There’s something special about fruit in a baked good on a Sunday. Maybe it’s the association with brunch or the fact that farmer’s markets (my local ones at least) are usually found on Sundays. Personally, I think it’s that different kind of sweetness that fruit has. Just how there’s something extra sweet about a lazy Sunday that no other day has.
Bananas in particular are just one of those things that warm my heart when found in a baked good. Even though overripe mashed bananas look a little… strange..
but I let that slide due to their high levels of flavour and deliciousness. In the end, that’s all that matters.
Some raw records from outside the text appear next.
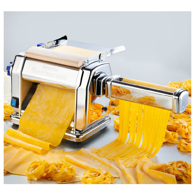 The Omcan 46292 (PM-IT-0037) Pasta Sheeter Electric is designed with precision and efficiency in mind, featuring an 8.66-inch roller length to accommodate various pasta-making needs. Engineered with a maximum roller opening of 2 inches, this pasta sheeter allows for versatile pasta thickness customization, catering to both novice and professional chefs. The stainless steel body ensures durability and hygiene, making it a robust choice for any kitchen setting. Powered by a 0.25 HP motor and operating at 190 watts, this pasta sheeter is highly efficient, with a power requirement of 110v/60/1-ph. The unit comes with a cord and NEMA 5-15p plug, simplifying installation and operation. Proudly made in Italy, the Omcan 46292 showcases the quality craftsmanship and engineering excellence synonymous with Italian manufacturing. While cutters are sold separately, this pasta sheeter serves as an indispensable tool for artisanal pasta makers, restaurant chefs, and culinary enthusiasts alike, providing consistent results and enhancing pasta-making efficiency. Its compact design and reliable performance make it a valuable addition to any food service operation seeking to elevate their pasta production capabilities.
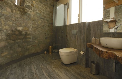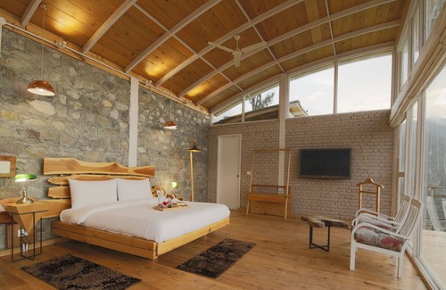 This awesome bedroom, with specially commissioned art, offers spectacular views of the Ramgarh valley. Wooden flooring, pine wood Queen bed, stone tiled attached bath, each accent in this room spells class.
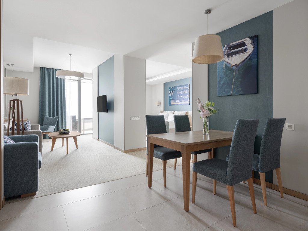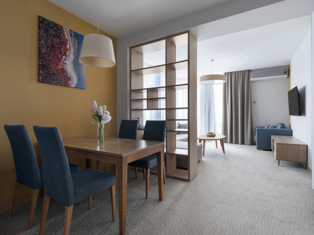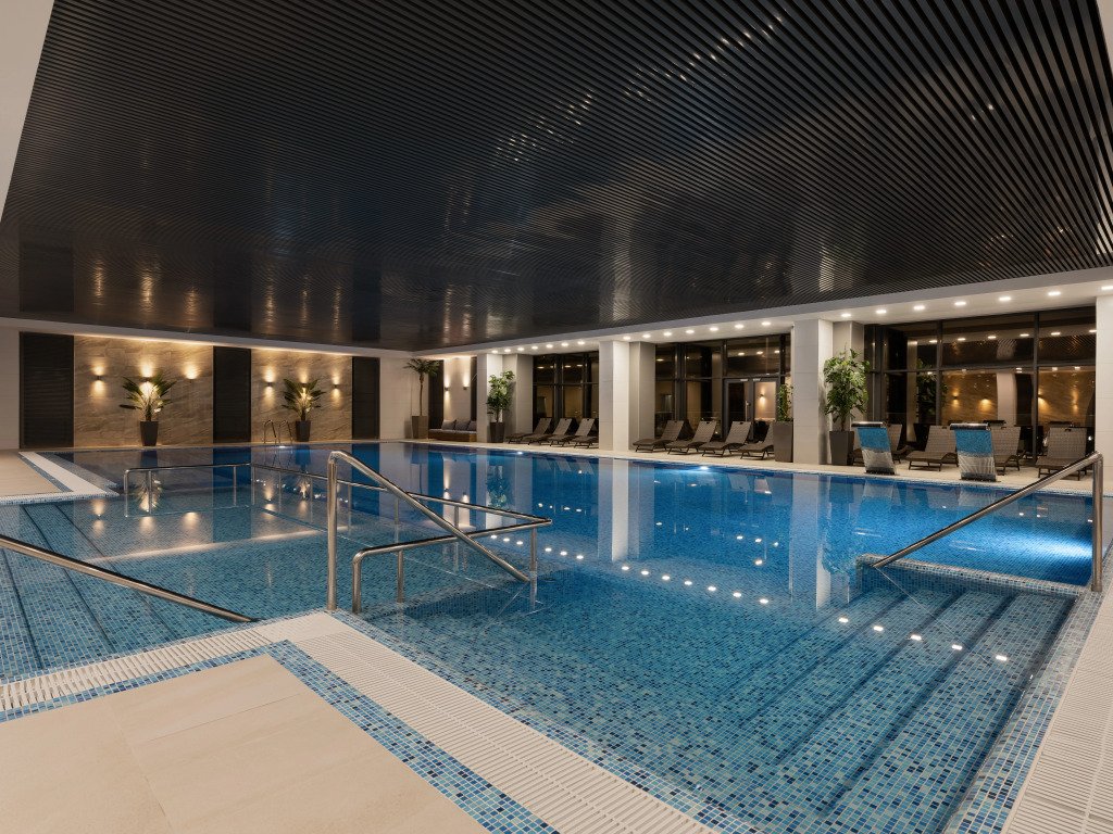 Здесь будем баловать себя водными процедурами: есть бассейн, крытый бассейн и открытый бассейн. Можно организовать деловую встречу, переговоры и даже собеседование. Для этого предусмотрен бизнес-центр. В отеле есть игровые детские комнаты. Будьте готовы к тому, что детям будет весело, а вам придется коротать вечер со взрослыми. В путешествие можно взять питомца. Возможно размещение с домашним любимцем за дополнительную плату.

I love them so much that in my banana bread (a particular favourite of mine) I put 6 bananas in a standard size loaf. But were not talking banana bread today. We’re talking something a little more decadent. Something that uses cake flour instead of all purpose.
Something with pecans.
Toasted pecans. I love the dark flavour the toasting brings to the pecans, especially against the soft sweetness of bananas.
A little cinnamon, buttermilk, amd other baking essentials…
A little time in a hot oven…
And then the real decadence… a caramel buttercream.
Put them all together and what do you get? A banana pecan cupcake. And in a cupcake, bananas are still quite special.
They provide the cupcake with a moist crumb with little banana ribbons of flavour. Oh yes.
Banana Pecan Cupcakes
- 3 cups sifted cake flour (not self-rising)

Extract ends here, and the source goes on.